Figure 3. Multidimensional interactions between the genome, epigenome, and exposome determine the phenome. The multidimensional interactions between the genome (DNA), epigenome (i.e., the sum of all epigenetic marks/chromatin scars throughout the genome), and exposome (lifestyle/environmental exposures) determine the phenome (health status). Epigenetic alterations induced by cumulative lifestyle and environmental exposures (e.g., perinatal drug exposure, diet, drugs, stressors, and toxins), leading to alterations in the germline of the exposed individual, can be transmitted to the subsequent generations.

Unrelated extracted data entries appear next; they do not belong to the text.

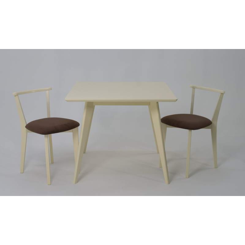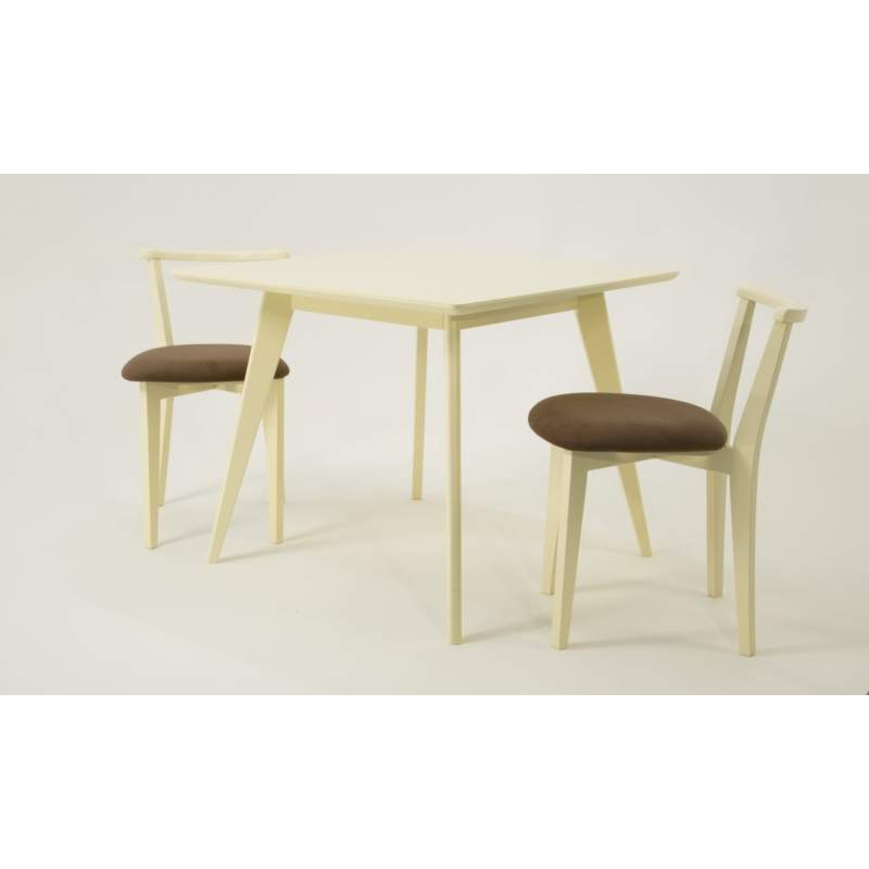 Комплект из деревянного стола Сканди на каркасе из натурального дерева и 2 стула Франк отлично подойдет к интерьеру, выдержанному в скандинавском стиле. Данный комплект станет центральным элементом в гостиной, столовой зоне, на кухне, позволив создать уютное обеденное место, где смогут собираться члены дружной семьи и их гости.У модели квадратная форма столешницы, со скруглением углов. Такое решение исключит риск сколов и обеспечит безопасность, в том числе, детям.Комплект выполнен в красивом цвете - слоновая кость. Сочетание изысканного дизайна и высокого качества исполнения - главная особенность комплекта.Столешница выполнена из материалов с великолепными эксплуатационными свойствами - МДФ (Материал создается на основе натуральной древесины. Практичен, надежен, имеет однородную гладкую структуру), шпон.Мебель проста в уходе - для поддержания первозданного вида достаточно использовать простую чуть влажную салфетку по мере необходимости.Состав комплекта:- стол F404109S00- стулья R101709S04
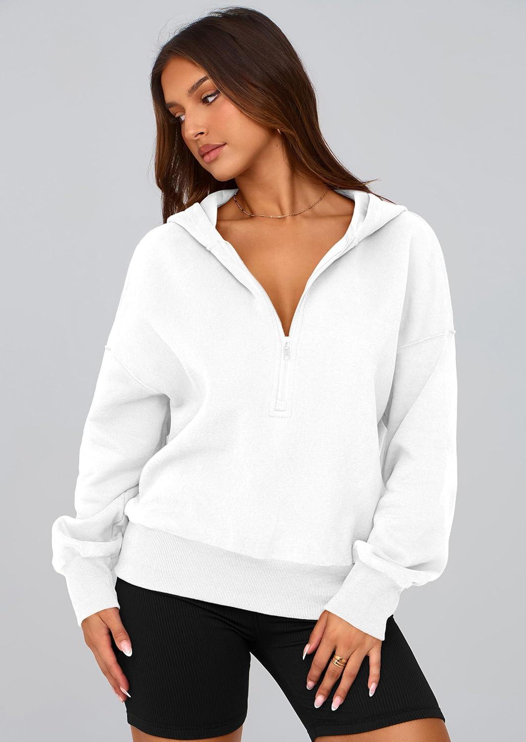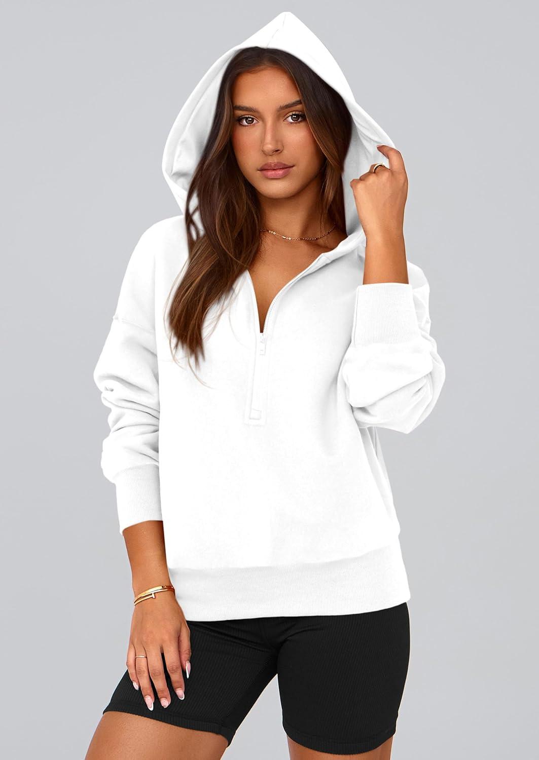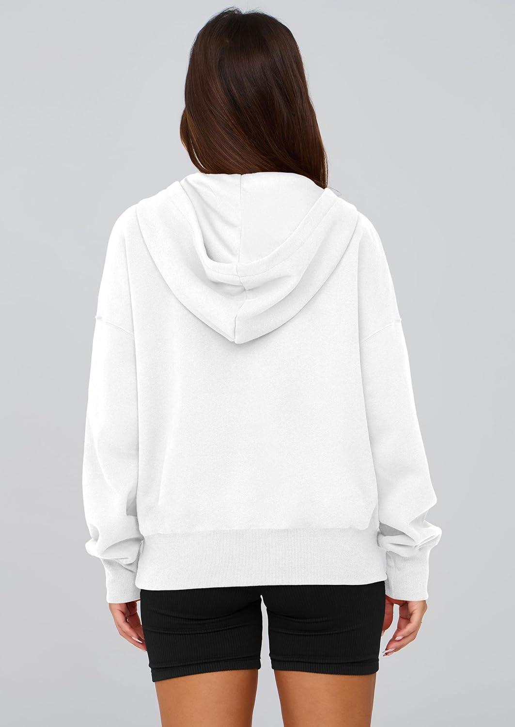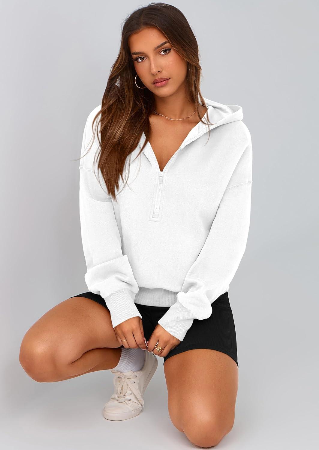 PRETTYGARDEN Women’s 2025 Fall Hooded Sweatshirts Long Sleeve Half Zip Cropped Hoodies Pullover Winter Fashion Clothes(White)
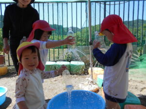 ペットボトルシャワーから落ちる水を、手や足に掛けていました。

The interaction between lifestyle and environmental exposures is represented by the exposome (alters the epigenome via DNA methylation (methylome), histone remodeling and post-translational modification (PTM), and gene expression regulators (small RNAs)), which, in turn, alters the genome, without altering the DNA sequence, and modulates gene expression, which, as a result, alters the phenome, which represents all phenotypic traits [modified from Paoloni-Giacobino (50)].

How do epigenetic modifications contribute to a maternally cannabinoid exposed individual's subsequent susceptibility to disease or mental illness?

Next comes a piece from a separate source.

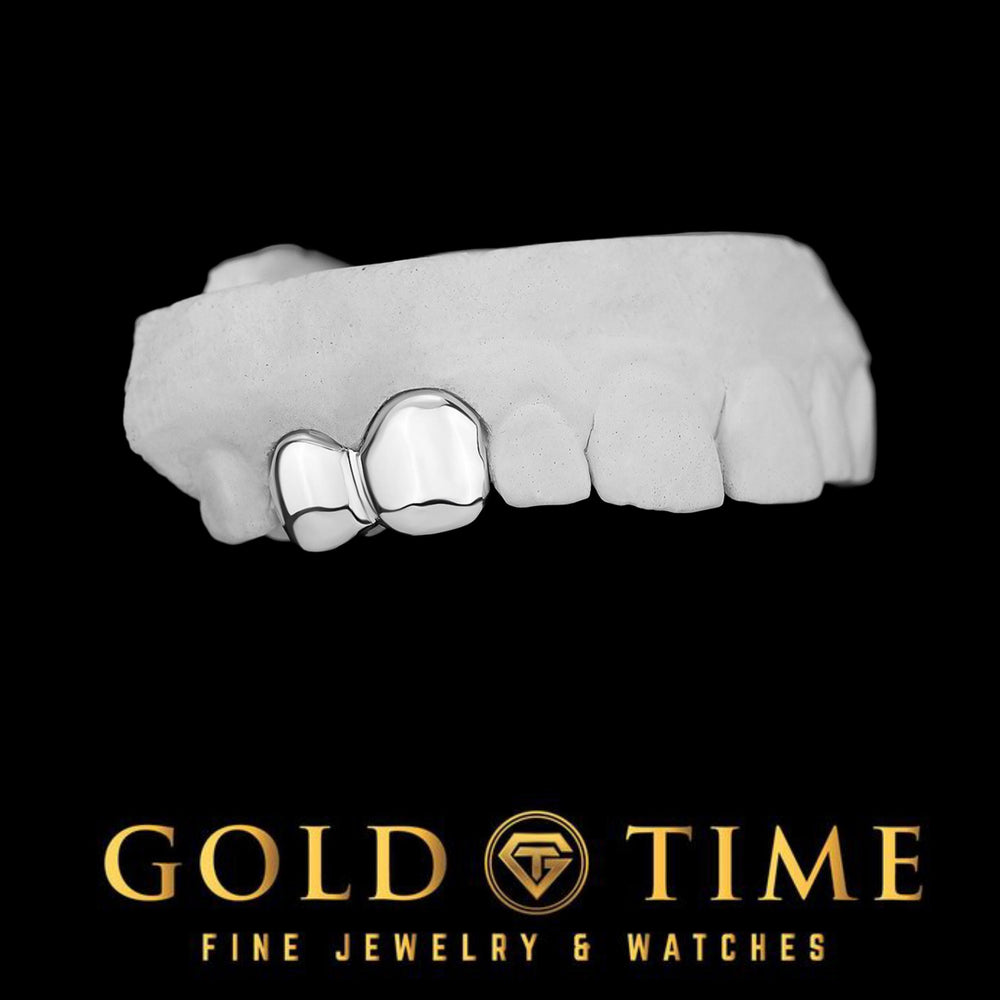 Upgrade your smile with this custom-made solid double cap grill, handcrafted to fit your teeth with precision and style. This two-tooth grillz design is perfect for those who want a clean, classic look with bold impact. Made to order using your personal impressions, each grill is shaped for comfort and designed to stand out.
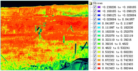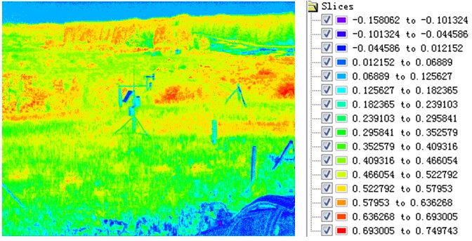 不同的目標(biāo)物(或植被)的歸一化植被指數(shù)是不同的,利用植被標(biāo)準算法進行處理后可以得到相應(yīng)的指數(shù)系數(shù)。

The “thrifty phenotype” hypothesis of the etiology of non-insulin-dependent Type 2 diabetes can be applied to perinatal cannabinoid induced fetal/prenatal programming (i.e., the hypothesis that maternal cannabinoid use during fetal development plays a decisive role in determining health trajectories across the lifespan of the offspring), and this hypothesis ignited interest in the fetal origins of adult diseases, and, in 2003, the International Society for Developmental Origins of Health and Disease was founded (51). Fetal programming represents the impact of neurodevelopmental plasticity in response to lifestyle and environmental stressors during early life and the potential adverse outcomes later in life (52). Prenatal programming is regulated by fetal genetic information (i.e., the fetal genome), which is composed of both the maternal oocyte epigenome and paternal sperm epigenome both of which underwent epigenetic modifications in response to parental lifestyle/environmental factors. These epigenetic alterations can, not only, influence the health trajectory of the fetus but the phenotype of the fetus' offspring (i.e., gametic transmission) (53).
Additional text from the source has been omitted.